Juule · 18/05/2012 11:55

Good summary, Athing

1950sHousewife · 18/05/2012 12:31

Susiemumof - you are very lucky you don't have to work and that having a bit of pin money is an option for you.

Obviously this is not the same for this woman. She has to work for her living. She is a single mother. She's probably exhausted. She probably needs to catch up with her life on a weekday when things are open. I wouldn't want to work 60 hour weeks, especially with a young baby, because i don't think I could cope with the disapproval from people.

The difference between you and me as professionals, is that I see children daily whose health has been comprimised by dodgy parental choices. But I don't choose to judge (and I'm sorry, but the whole sad baby thing smacks of judgement) their whole lives on it. They may be wonderful parents in other ways, far better than me. So looking at a single slice of life like time, or health, or education etc is unfair.

Poor woman, she just wants one day off!

BonnieBumble · 18/05/2012 12:40

I'm surprised at the comments that the baby doesn't really know who it's mum is. Dh works away a lot and yet my children definitely know who their dad is. He is very much the favoured parent.

DowagersHump · 18/05/2012 12:45

Oh I'm not surprised Bonnie. MN is very reliable in its abhorrence of working mothers (although working fathers escape any kind of judgement whatsoever).

LtEveDallas · 18/05/2012 12:47

I think you might be getting a 6 month old baby mixed up with a goldfish Excellent use of sarcasm, I'm impressed Smile

You don't need to have much of a concept of time to be affected by barely seeing your parent during the week Baby doesn't know she is barely seeing her parent. For all baby knows 12 hours is the same as 12 minutes.

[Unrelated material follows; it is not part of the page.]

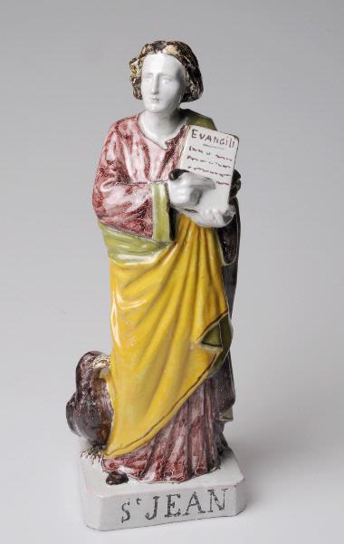 - Mansfigur iklädd lång dräkt i rödaktigt mangan. Gul mantel över ena axeln. I ena handen håller han ett papper på vilket han skriver med den andra, text "EVANGILI". Vid hans fötter sitter en stor fågel. Står på låg sockel med text "St JEAN".

*Or maybe she just wants to go and get drunk in the afternoon. Or maybe she insists the Dad has the baby all weekend so she can go potholing. Or maybe she has another weekend baby she spends time with.

You're just making shit up now* And you're not? Smile

Going ballistic No-one has gone ballistic and OP isn't 'just wondering' she's 'Feeling Sad'

Maybe it is that this woman has few choices and that this day to herself is necessary. In which case she deserves sympathy yes, which is why being judgemental isn't helpful.

I must admit I am confused by you a little AThing. I see how helpful and understanding you can be on the Relationships Board, but you seem to lose that understanding here. Not a dig, genuinely. Just a musing. It surprises me that you dismiss what could quite easily be a correct 'bigger picture', going on some of the awful things we read on there as 'making shit up'

MN has made me far more understanding over the years. Things I may well have judged a person for, things I have never come across in my happy little bubble and seem so far from my 'norm' now seem quite possible. I am far more open to all possibilities now, which is why I would never presume the worst of someone. There are mothers (and fathers) out there going through and getting on with all kinds of shit that would break me into pieces - we don't know what goes on behind closed doors, so my immediate stance is to be supportive, not judgemental.

MN has made me a better person, for that I am very grateful.